So if they just happened to go with a day early and I just happened to be one of the lucky ones this time (never have been.. K2, K3, KF..) I'd be awfully happy.

Or even if I had someone to just accept the box for me, but nope.

But guess I should put off the angst at least until people with 4Gs start getting notices of shipment early next week...


----------



## kfp10596 (Dec 16, 2008)

Hmm.. mine is a 4G, but for the first time I notice that all my outstanding orders (a cat bed, two separate cover orders and the Kindle Fire 4G.. each has a date and says by 8pm  . which is really frustrating and keeps people on the hook for hours.


I am getting the 4G and today the 8pm was added as well.  I will not be here since I have to work.  Hopefully it will be fine.  Wish it would come on Monday or Tuesday.


----------



## Ann in Arlington (Oct 27, 2008)

I wouldn't freak out about the "8PM" notation. . . likely it simply reflects the carrier's stated deadlines.  I'd say that if it comes, for example, by FedEx, it will come about the time your FedEx guy usually does your neighborhood.  Same for UPS. 

Remember we're coming into the season where the shipping companies are busiest and they'll have some routes that will take longer because there are more than usual deliveries and some that they'll actually double up trucks so they might be quicker. I daresay that time info simply reflects that:  do not panic if it's not there by 4 -- they might run a little later. 

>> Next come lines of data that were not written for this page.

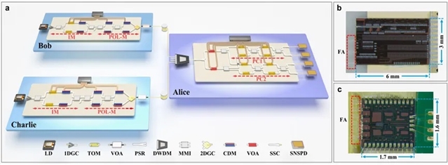 图3. 实验设置。(a) 基于芯片的三节点量子网络。(b) 硅基编码器芯片的显微图。(c) 硅基解码器芯片的显微图。
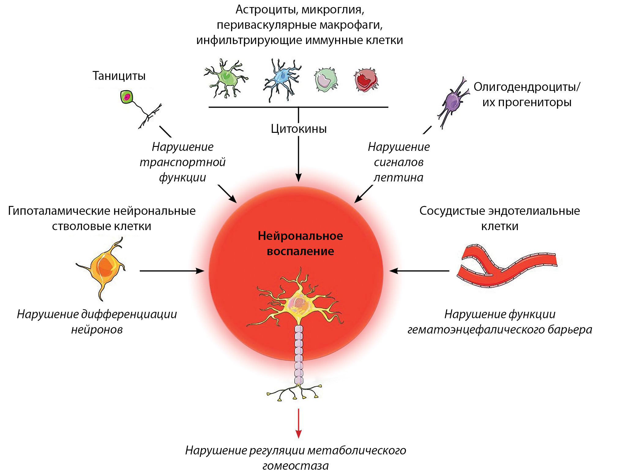 Рис. 4. Вклад клеток центральной нервной системы в патогенез гипоталамического воспаления (адаптировано из работы A. Jais, J.B. Brüning, 2017 [49]).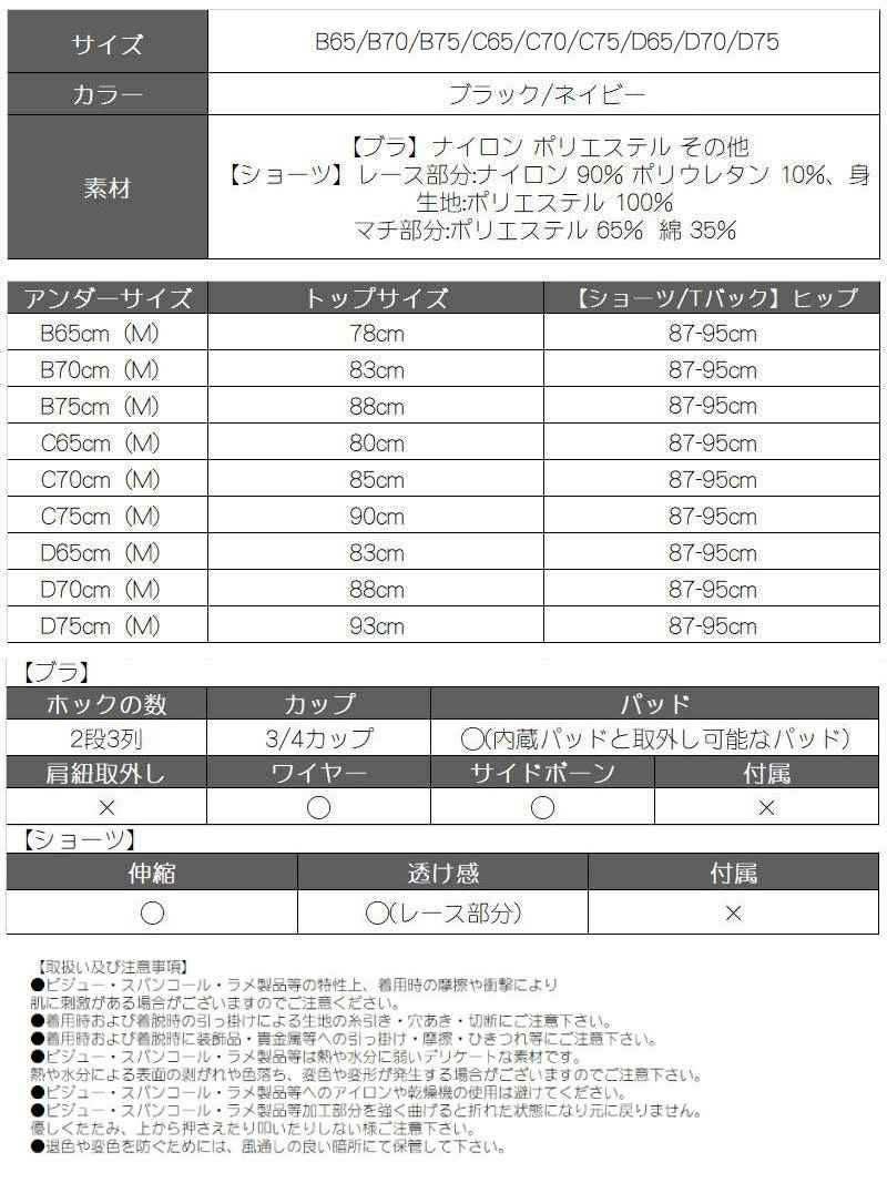 【ショーツ】レース部分:ナイロン 90% ポリウレタン 10%、身生地:ポリエステル 100% マチ部分:ポリエステル 65% 綿 35%

Oh, and, FWIW, my 4G doesn't show any change.  Still 'not yet shipped'.  It's scheduled to arrive on the 21st via 1 day (Prime) shipping.


----------



## TraceyC/FL (Mar 23, 2011)

Ann in Arlington said:


> I wouldn't freak out about the "8PM" notation. . . likely it simply reflects the carrier's stated deadlines. I'd say that if it comes, for example, by FedEx, it will come about the time your FedEx guy usually does your neighborhood. Same for UPS.
> 
> Remember we're coming into the season where the shipping companies are busiest and they'll have some routes that will take longer because there are more than usual deliveries and some that they'll actually double up trucks so they might be quicker. I daresay that time info simply reflects that: do not panic if it's not there by 4 -- they might run a little later.
> 
> Oh, and, FWIW, my 4G doesn't show any change. Still 'not yet shipped'. It's scheduled to arrive on the 21st via 1 day (Prime) shipping.


I babysit for my UPS guy - and Monday he worked until 5:30, the rest of the week he hasn't finished before 8:30 pm, Thursday night was 9:10 pm! His normal time done is 6:30pm~. And, he isn't a new driver - he has 23 years in, so it is all volume.

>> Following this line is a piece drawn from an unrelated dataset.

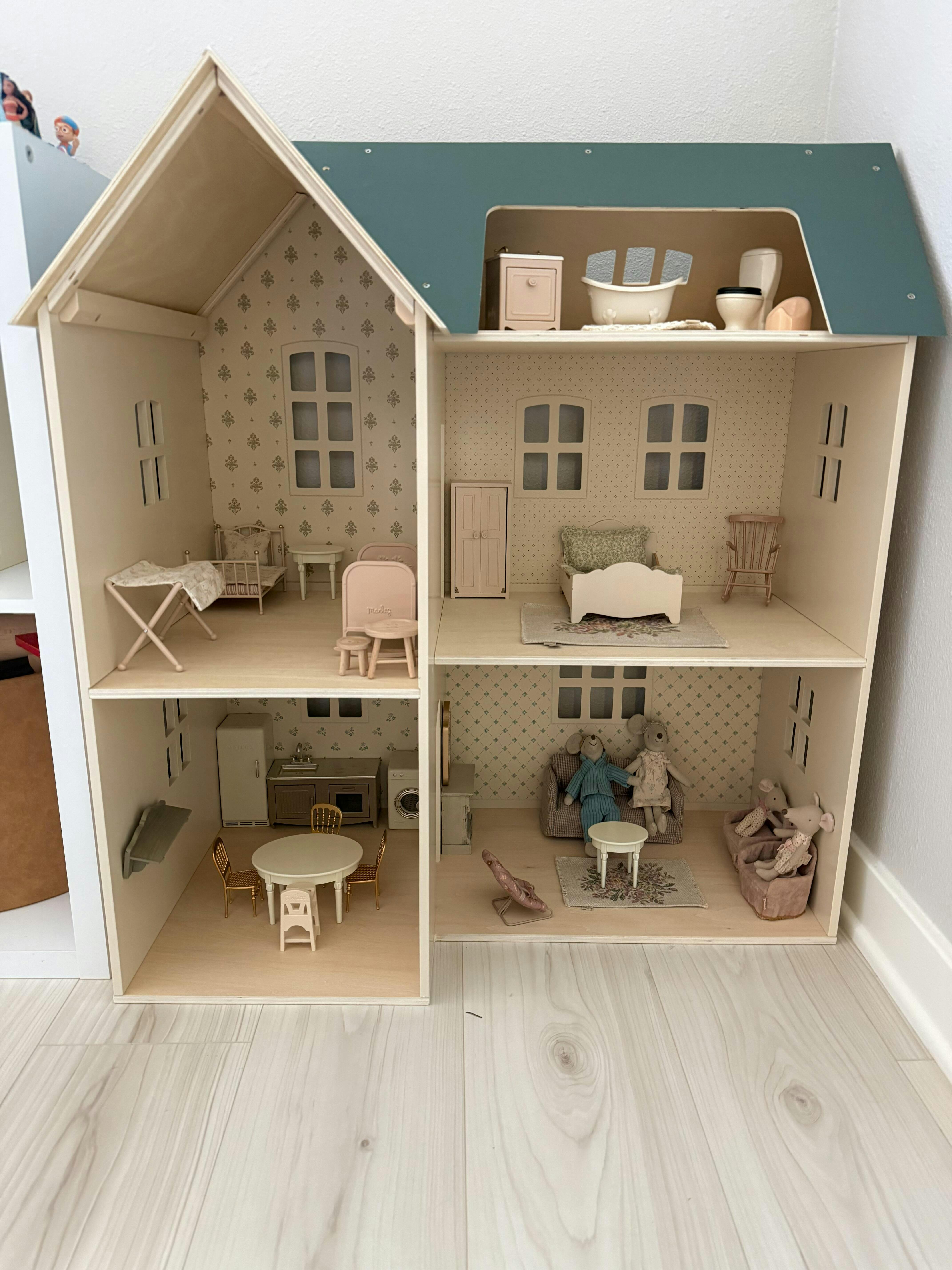 Such a pretty, classic dollhouse, the mouse size also fit just fine and doesn’t look too small in it. My girls are obsessed, we love Maileg sm!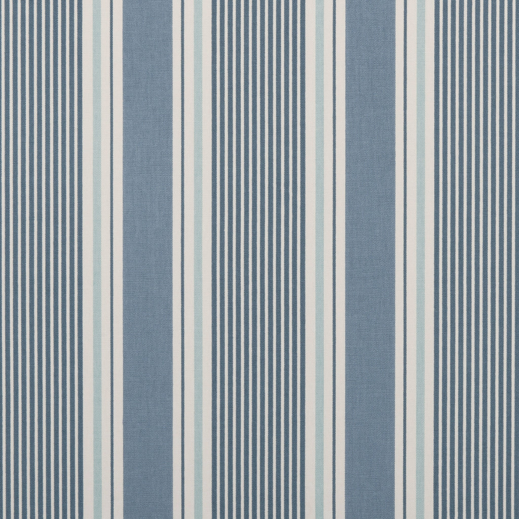 100% Cotton blue stripe print curtain, soft furnishing and general domestic upholstery fabric. Free samples available.

Also remember that only AIR will be delivered on Friday via UPS (which caused me issues last year! LOL!!).

I hope everyone gets their packages ASAP - new toys are so much fun!!!!!!


----------



## Seamonkey (Dec 2, 2008)

My last couple haven't come UPS, but some other carrier and I have no idea of any normal route they may have.  Not that I'm all that up on UPS, either, though I notice them around in mid afternoon.

The 8pn hit me because that pretty much means I cannot even tentatively be available that day/days for either of my volunteer gigs.

But I realize I have no control over these things..  I come here because people here at least understand the anxiety as more and more are delivered.  And this time,despite first hour ordering, those of us getting the 4G seem to be stuck with original date or ?

Others in my life are more like "You are getting ANOTHER Kindle?  And it costs HOW much?"  Not a shred of sympathy.

I'm also on the west coast and often items from Amazon seem to ship from Kentucky .. I know we have new Amazon centers opening here since they agreed to pay CA sales tax beginning on a specific date, but no idea if this item could possibly be shipping from California.  

I've seem mentions of Phoenix, which would be closer than Kentucky, too, but mine always seem to come from the east, like the 3 Kings bearing gifts... and slowly, as on camels.


----------



## Betsy the Quilter (Oct 27, 2008)

Seamonkey said:


> I've seem mentions of Phoenix, which would be closer than Kentucky, too, but mine always seem to come from the east, like the 3 Kings bearing gifts... and slowly, as on camels.


We're almost there...

Betsy


----------



## Cyanide5000 (Aug 30, 2010)

It's only a product launch, Its hardly anything to get too frustrated about. The $400 on the other hand is something to get mad about


----------